Il libro è dominato, senza soluzione di continuo, da una pressoché perfetta scrittura appagata da un linguaggio altrettanto elevato, dal quale inequivocabilmente si evince la grande conoscenza ed analitica, specifica preparazione di Roveri. Non un capitolo che non riporti, al di là dell’onnipresente costruttiva, intelligente critica (talora nel senso della piena o parziale condivisione, talaltra nel verso opposto) nei confronti degli storici di volta in volta citati, l’autoritaria traccia della coerente, ogni volta ampiamente giustificata opinione dell’autore, modus operandi costante e quasi sempre condivisibile per argomenti suffragati.

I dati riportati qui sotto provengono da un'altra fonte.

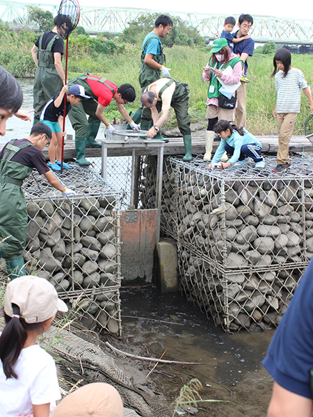 魚の追い込みは池の奥から荒川に向かって、列になって水の中の生き物を誘導していきます。池の水を止めている水門の手前に定置網を設置し、ここに向かってみんなで少しずつ進んでいきます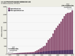 Glyphosate use, principally as an agricultural herbicide, has grown exponentially world-wide over the last 50 years, well demonstrated by the 200-fold increase seen in the graph below for use in the USA from 1975-2014. As we all know, Roundup kills weeds and, despite Monsanto’s and now Bayer’s claims, if it kills one form of life, it’s quite possible that it kills others. So it’s no surprise that there’s an association between early exposure to glyphosate and the appearance of liver problems and metabolic diseases when those children become young adults or that the WHO classified glyphosate as a probable cause of cancer in 2015.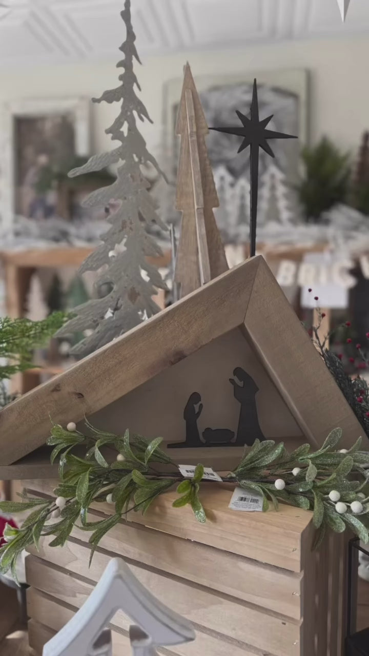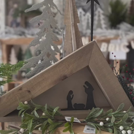Spectacular Christmas Nativity made of thick, substantial barnwood in a natural brown hue, with black stained wood Mary, Joseph, Jesus and Star of Bethlehem on top. This is a simple, elegant, and impactful piece that is meant to make a statement on a mantle, hearth, or console table.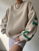 Dames trui met ronde hals en lange mouwen. De trui heeft een losvallend model met verlaagde schoudernaden. Voorzien van ribgebreide boorden bij de hals, mouwen en onderzijde.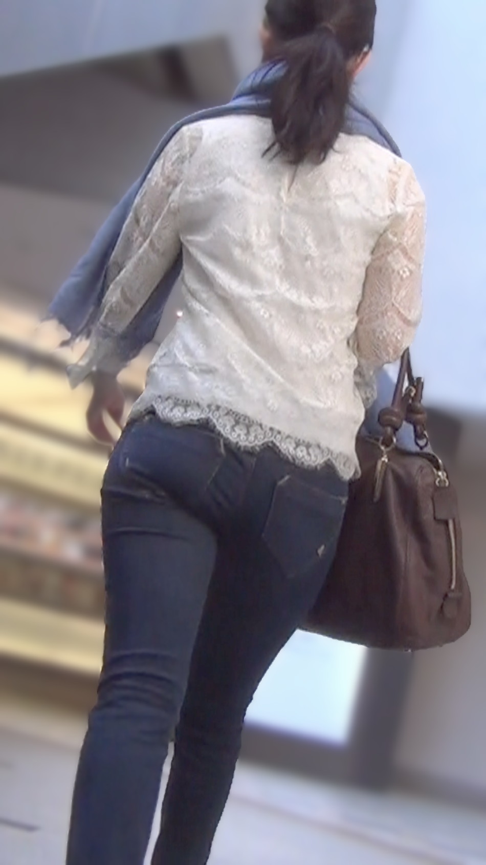 スタイリッシュな、パツパツ デニムお姉さんの歩行シーンになります。

In particolare, Roveri fa sua la tesi dell’arcinoto e defunto (Roma ƚ 2008) regista, ferrarese d’origine (a Ferrara è anche sepolto), Florestano Vancini; tesi adottata per la realizzazione del celeberrimo film La lunga notte del ’43 (tratto dal racconto Una notte del ’43, d’altro indimenticato ferrarese ed ugualmente sepolto a Ferrara, lo scrittore Giorgio Bassani), circa gli antefatti ed il diretto evento dell’assassinio del federale Igino Ghisellini e del più ampio eccidio (Mario Zanatta, Pasquale Colagrande, Giulio Piazzi, Ugo Teglio, Girolamo Savonuzzi, Arturo Torboli, Vittore e Mario Hanau, Alberto Vita Finzi, Emilio Arlotti, Cinzio Belletti) sul muretto del Castello Estense, azioni efferate perpetrate per mano repubblichina tra la notte e la giornata del 15 novembre 1943.

Anche se Ferrara sembra avere un ruolo prioritario, in quanto conclusivo, nell’analisi del periodo storico trattato, il significato del contenuto dell’opera non è da intendersi restrittivamente rivolto ai soli ferraresi ma, facendo parte d’una contingenza che solo casualmente ha, ahimè, coinvolto la cittadinanza ferrarese, e considerata anche l’alta qualità della ricerca (ed anzi soprattutto in forza di ciò), se ne auspica la più larga divulgazione a livello nazionale.